All of the data below should be printed again exactly, pictures excluded.

### Information supplied
········
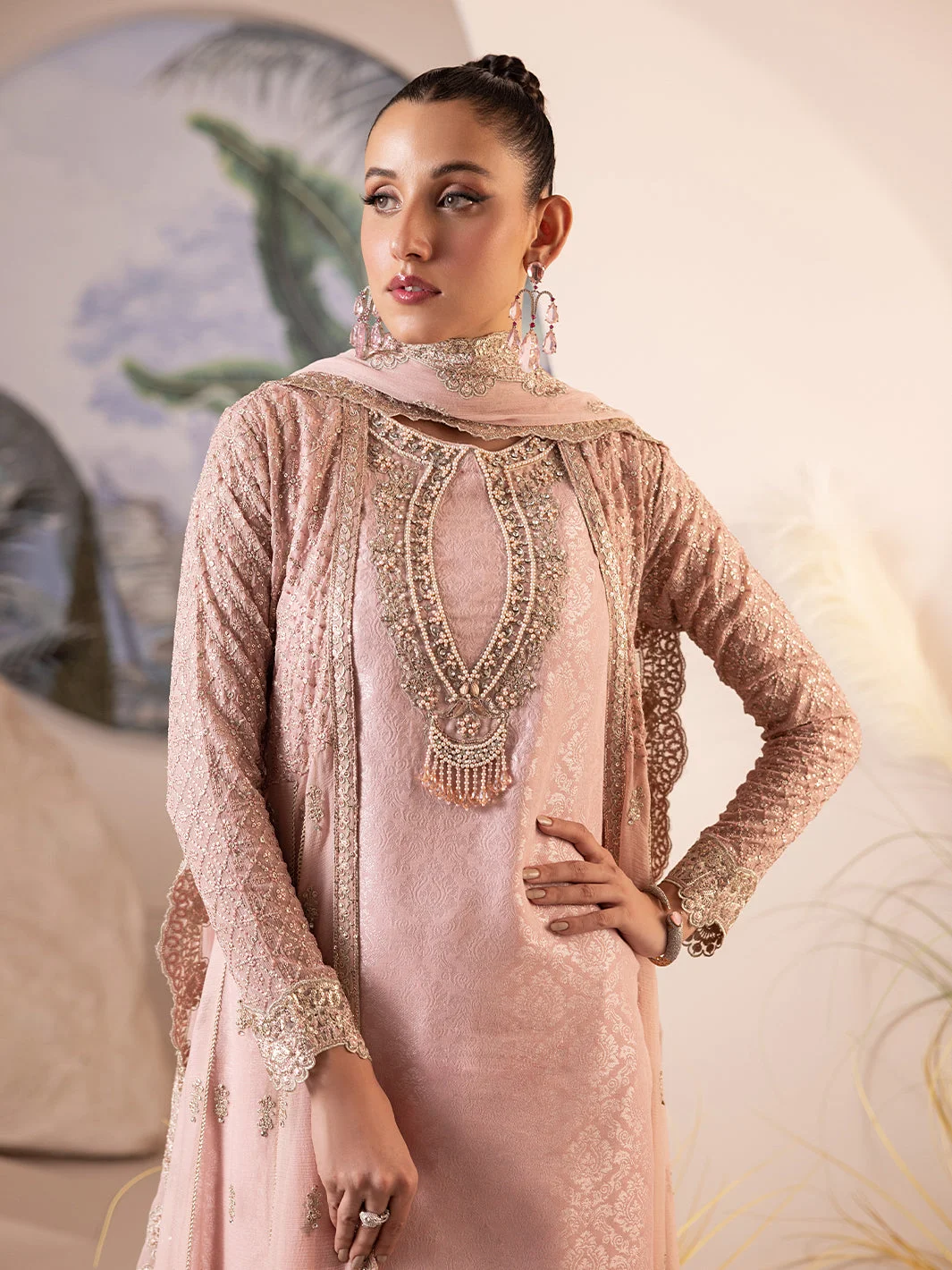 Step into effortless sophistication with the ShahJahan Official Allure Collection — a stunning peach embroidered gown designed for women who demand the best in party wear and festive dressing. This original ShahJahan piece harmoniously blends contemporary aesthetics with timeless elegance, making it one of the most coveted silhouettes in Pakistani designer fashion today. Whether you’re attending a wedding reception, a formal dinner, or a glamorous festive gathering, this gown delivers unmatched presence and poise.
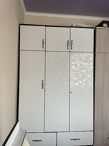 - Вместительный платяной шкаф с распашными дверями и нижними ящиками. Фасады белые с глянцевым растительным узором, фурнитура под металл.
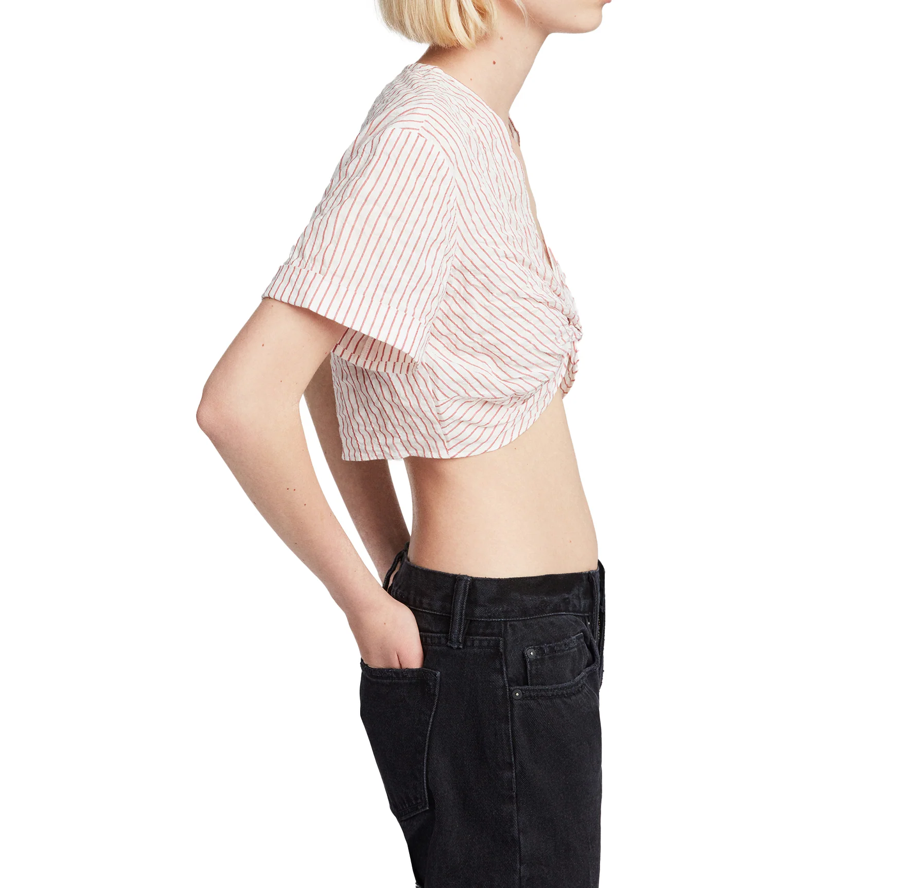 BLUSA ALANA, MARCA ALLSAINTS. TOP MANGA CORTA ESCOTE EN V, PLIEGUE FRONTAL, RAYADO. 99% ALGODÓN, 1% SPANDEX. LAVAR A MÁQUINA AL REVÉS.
········
### Answer section
 Step into effortless sophistication with the ShahJahan Official Allure Collection — a stunning peach embroidered gown designed for women who demand the best in party wear and festive dressing. This original ShahJahan piece harmoniously blends contemporary aesthetics with timeless elegance, making it one of the most coveted silhouettes in Pakistani designer fashion today. Whether you’re attending a wedding reception, a formal dinner, or a glamorous festive gathering, this gown delivers unmatched presence and poise.
 - Вместительный платяной шкаф с распашными дверями и нижними ящиками. Фасады белые с глянцевым растительным узором, фурнитура под металл.
 BLUSA ALANA, MARCA ALLSAINTS. TOP MANGA CORTA ESCOTE EN V, PLIEGUE FRONTAL, RAYADO. 99% ALGODÓN, 1% SPANDEX. LAVAR A MÁQUINA AL REVÉS.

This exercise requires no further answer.